Yeah we know about this one since forever. The bug report is roughly
as old as the gem/ttm memory managers :-/ So another problem might be
that if we now suddenly include gpu memory in the memcg accounting, we
start breaking a bunch of workloads that worked just fine beforehand.
-Daniel

>
> -Brian
>
>
> > -Daniel
> >
> >>
> >>
> >> Thanks,
> >> -Brian
> >>
> >>>
> >>>>> Also, that would remove the need for all these functions exported to
> >>>>> drivers. Plus the cgroups setup could also move fully into drm core code,
> >>>>> since all drivers (*) support it
> >>>>> That way this would really be a fully
> >>>>> generic cgroups controller, and we could land it.
> >>>>
> >>>>
> >>>> Patch #2 proposed to have a few setup functions called during drm device
> >>>> registration.
> >>>> You are suggesting to have this more tightly integrated?
> >>>
> >>> Yeah essentially if DRIVER_GEM is set drm core would simply set this all
> >>> up. Since with this we'd always account all gem buffers in cgroups, and it
> >>> would make basic cgroup support a non-optional part of drm drivers.
> >>>
> >>>> Okay, can see what that looks like.  It's true most of the exported functions from
> >>>> kernel/cgroup/drm.c were taking a struct drm_device pointer, so seems it can be
> >>>> restructured as you suggest.  But I guess we will always need some logic in
> >>>> kernel/cgroup/drm.c to encapsulate the allocation of the 'struct cgroup_subsys_state'
> >>>> for this new controller.
> >>>> But I'm not sure I see how this makes the controller 'fully generic' as you describe.
> >>>
> >>> All DRIVER_GEM would automatacially support it. And yes there'll still be
> >>> some encapsulation ofc.
> >>>
> >>>>> The other things I'd do:
> >>>>> - drop gpu scheduling controller from the initial patch series. Yes we'll
> >>>>>   need it, but we also need vram limits and all these things for full
> >>>>>   featured controller.
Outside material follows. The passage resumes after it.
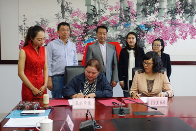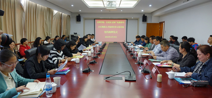 受学校委托,音乐学院院长靳丽芬与呈贡区文体广电旅游局局长赵凤珍签订了相关合作协议。副校长李翔和副区长王丹共同为“音乐舞蹈人才协同培养示范基地”揭牌。

Having the minimal viable cgroup controller in
> >>>>>   upstream would unblock all these other things, and we could discuss them
> >>>>>   in separate patch series, instead of one big bikeshed that never reaches
> >>>>>   full consensus.
> >>>>>
> >>>>> - the xpu thing is probably real, I just chatted with Android people for
> >>>>>   their gpu memory accounting needs, and cgroups sounds like a solution
> >>>>>   for them too. But unlike on desktop/server linux, on Android all shared
> >>>>>   buffers are allocated from dma-buf heaps, so outside of drm, and hence a
> >>>>>   cgroup controller that's tightly tied to drm isn't that useful. So I
> >>>>>   think we should move the controller/charge functions up one level into
> >>>>>   drivers/gpu/cgroups.
> >>>>
> >>>> Hmm, so for this, you are asking for the cgroup logic to not directly use
> >>>> DRM data structures?  Okay, that's why you suggest drivers/gpu/cgroups and
> >>>> not drivers/gpu/drm/cgroups.  So this is your angle to make it 'fully
> >>>> generic' then.....
> >>>
> >>> This is another flavour of "generic", maybe need to split them up:
> >>> - make it more generic by rolling it out for all DRIVER_GEM
> >>> - make it more generic by allowing non-drm code to charge gpu memory
> >>>   (android's dma-buf heaps will need that, maybe v4l eventually too)
> >>>
> >>>>>   On the naming bikeshed I think gpu is perfectly fine, just explain in
> >>>>>   the docs that the G stands for "general" :-) Otherwise we might need to
> >>>>>   rename drivers/gpu to drivers/xpu too, and that's maybe one bikeshed too
> >>>>>   far. Plus, right now it really is the controller for gpu related memory,
> >>>>>   even if we extend it to Android (where it would also include
> >>>>>   video/camera allocatioons). Extending this cgroup controller to
> >>>>>   accelerators in general is maybe a bit too much.
> >>>>>
> >>>>> - The other disambiguation is how we account dma-buf (well, buffer based)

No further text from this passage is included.